Lunar may not have modern aesthetics, but its gameplay and story are among the best of any RPG of any era.
After a seemingly inexhaustible series of delays, Working Designs has finally redelivered the game that put them on the map. Originally released in Japan more than two years ago on the Sega Saturn, Lunar Complete is extremely dated but still delivers where it's important - gameplay.
Alex was but a boy in the isolated village of Burg, a boy who dreamed of one day being like his lifelong hero, Dragonmaster Dyne. As the typical RPG would have it, Alex's dream comes true as he's swept into an adventure to save the world from a great evil, save his woman, and enter manhood. While Lunar Complete retains the overall story and theme of the Sega CD original, a number of the game's individual events are different. For example, a number of the trivial problems facing Alex on the road to adventure, such as the broken bridge and lighthouse, have been eliminated completely, while the entire ending of the game has been reworked. Additionally, GameArts chose to add three new female accomplices to the ranks of evil. Fortunately, all these changes are for the better - the end result is an adventure that's more epic, satisfying, and generally cooler than the original while retaining the emphasis on character development that earned Lunar its lofty reputation in the first place.

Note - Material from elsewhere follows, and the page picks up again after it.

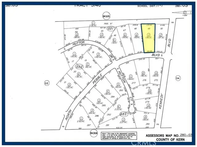 Lot 49 Map 3140, 1.86 Acres, (Apn: 280-031-03-007) GPS: 35.21602, -117.78711 on Pebble Blvd in California City, CA. California City is in northern Antelope Valley in Kern County. California City is 18 miles northwest of Edwards Air Force Base, 40 miles north of Lancaster and 28 miles east of Tehachapi. California City has zoned this property as RM1/MR2 Multiple Family Residential. According to the City the following uses are permitted: Single Family Dwellings, multiple family dwellings, riding stables, corrals and animal keeping. No utilities are currently available to this lot. Electricity is approx 1100 ft East. Please check with the City for water and sewer distance. Please use GPS Coordinates to locate property GPS: 35.21602,-117.78711
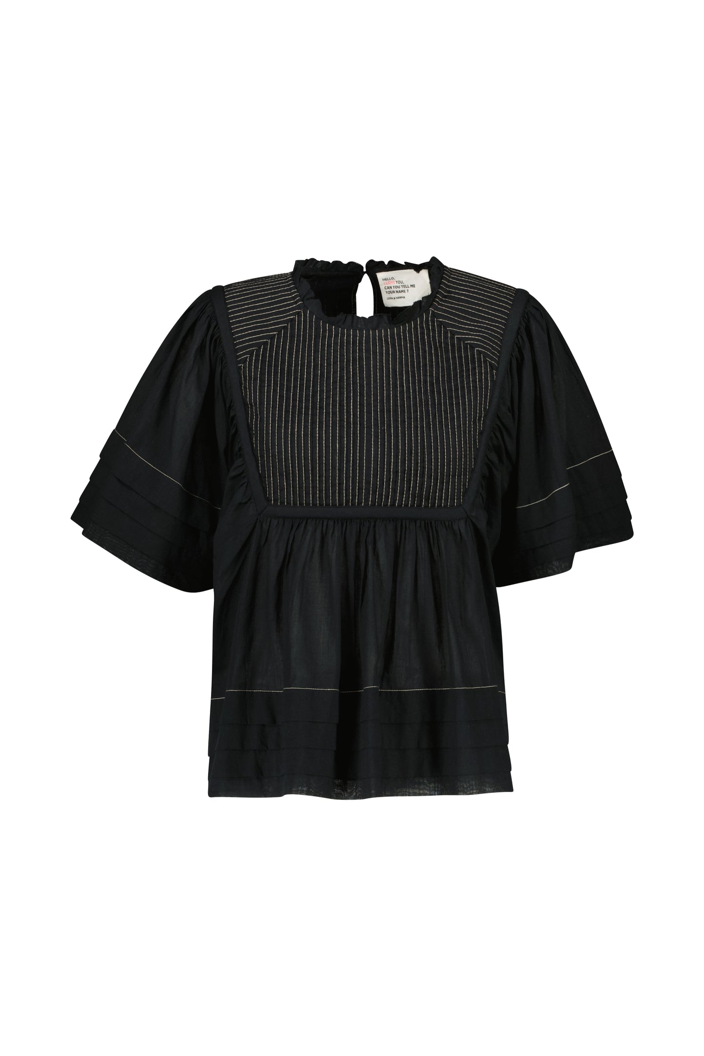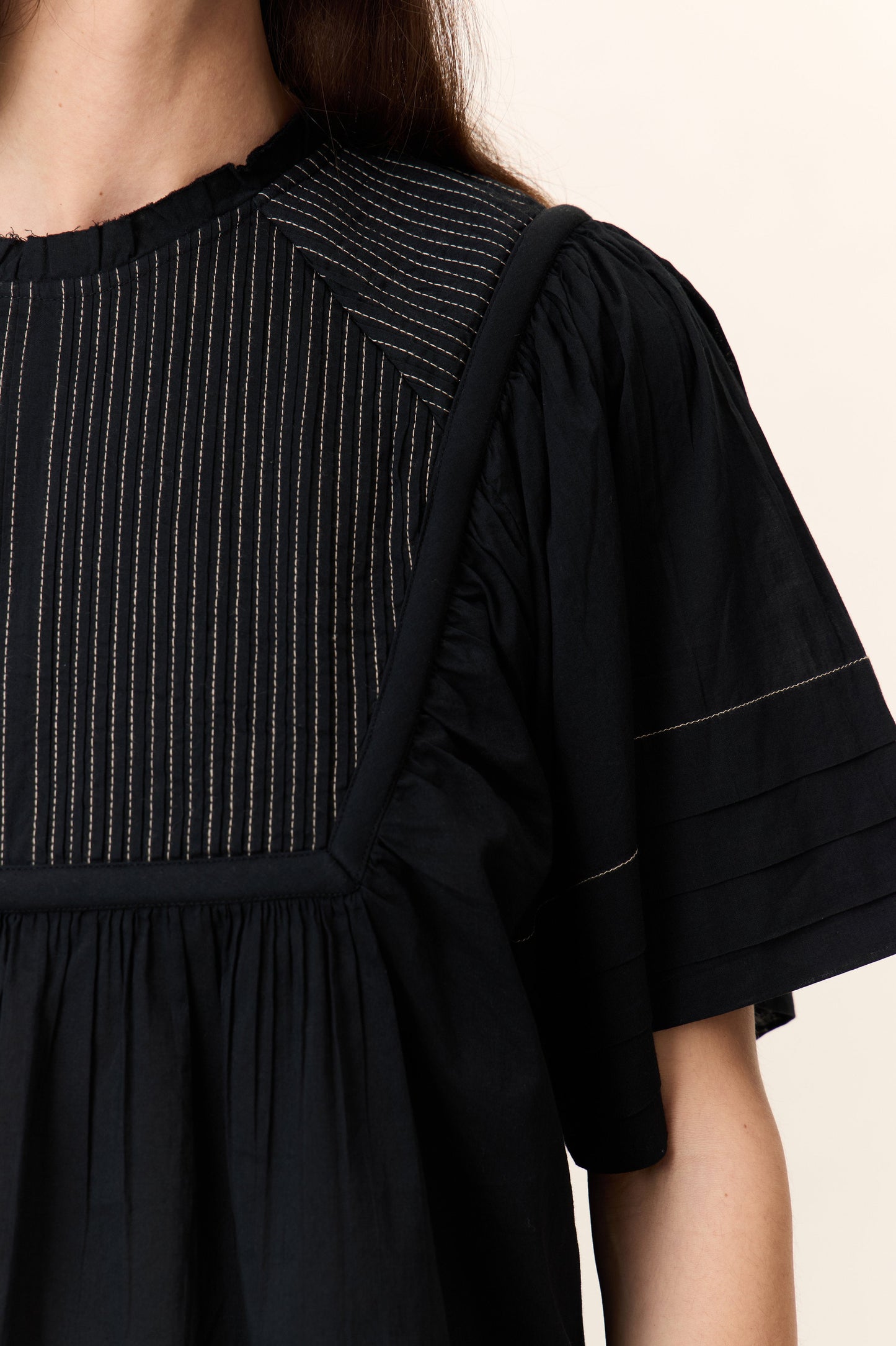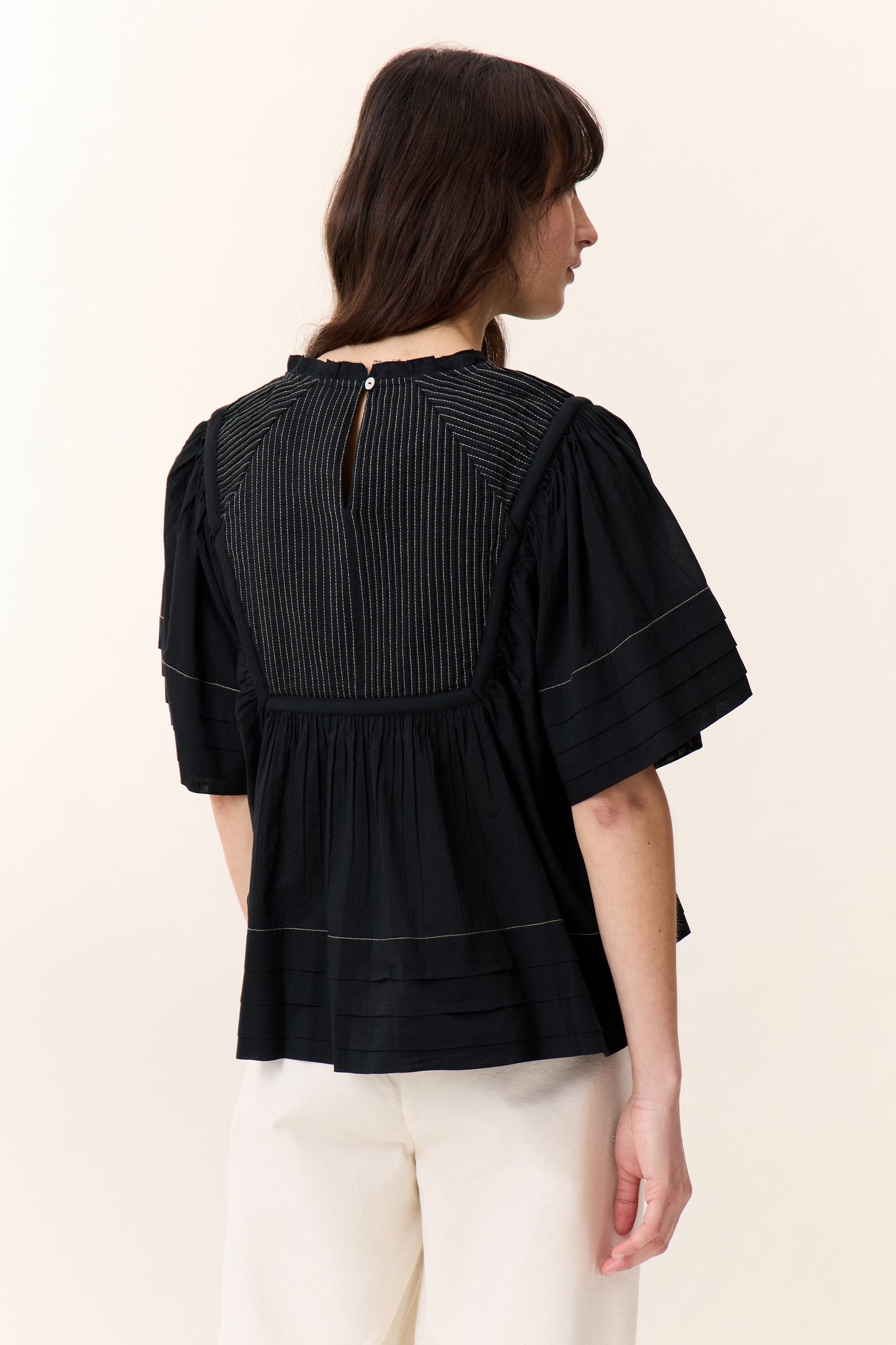 The Clive Pintuck Black Blouse is a refined essential with a vintage-inspired touch. Made from 100% organic cotton, this breathable, lightweight blouse features intricate pintuck detailing and delicate ruffle accents for an effortlessly romantic feel. The relaxed silhouette makes it perfect for layering or wearing solo, whether you're dressing it up or keeping it casual.

Like the story, Lunar's gameplay has been tweaked and refined, but largely remains the same. Lunar is a traditional, old-school RPG in every way, even though it is one of exceptional quality. The excellent battle engine from the original is still in place. Unlike most RPGs, Lunar's battle system takes character movement into account, letting you position your characters and set up more elaborate attacks. Once characters earn multiple attacks through level advancement, this becomes especially useful. You will no longer encounter enemies in the overworld, however, and you can see approaching monsters in the dungeons. While the move to remove monsters from the overworld altogether is somewhat questionable, the ability to see monsters in the dungeons is a blessing, letting you run from or prepare for battles before they begin. On a more unfortunate note, Alex can no longer command magic and relies on virtually the same sword techniques that Lunar 2's Hiro does, ultimately hurting some of the game's strategic elements. As a result, boss battles generally boil down to Alex repeatedly using his Sword Dance until the battle's done, while the other characters support him with healing and attack magic. A minor flaw, and an unnecessary change, nonetheless.
As stated before, Lunar is a truly dated game - with the exceptions of the voice and FMV, the game portions of Lunar could be faithfully re-created on a Super Nintendo. However, the game's colorful graphics and visual design are still attractive, even seen through such a low-tech window - not a single polygon can be found on Lunar's dual CDs. The 2D simplicity of Lunar's world is greatly enhanced through the use of exquisitely produced anime cutscenes, used for everything from simple character introductions to brilliant destruction. Unfortunately, GameArts took away one of the Sega CD's coolest features, the lack of the RPG staple color-swapped enemies. Never in the Sega CD original did one see the same enemy, only sporting a different color scheme. Lunar: Complete not only brings pallette-swapping back in full force but mostly contains monsters from Lunar 2's bestiary. Lunar's sound is quite good, but much of the game's new music, such as the battle theme, doesn't compare with the original's.
Working Designs has had plenty of time to work on Lunar's translation, and fortunately it shows. The text is for the most part excellent and doesn't rely too heavily on Working Designs' traditionally puerile humor. The voices are also of excellent quality, truly bringing the characters to life in both the 2D world and the cutscenes. Working Designs' extras are nice touches, although the Making of Lunar video is ridiculously overwrought with tales of the game's translation instead of its creation.
So, it's finally here. Lunar: Complete is a must-buy for fans of the series, as well as an excellent introduction to this landmark RPG series. Lunar may not have modern aesthetics, but its gameplay and story are among the best of any RPG of any era.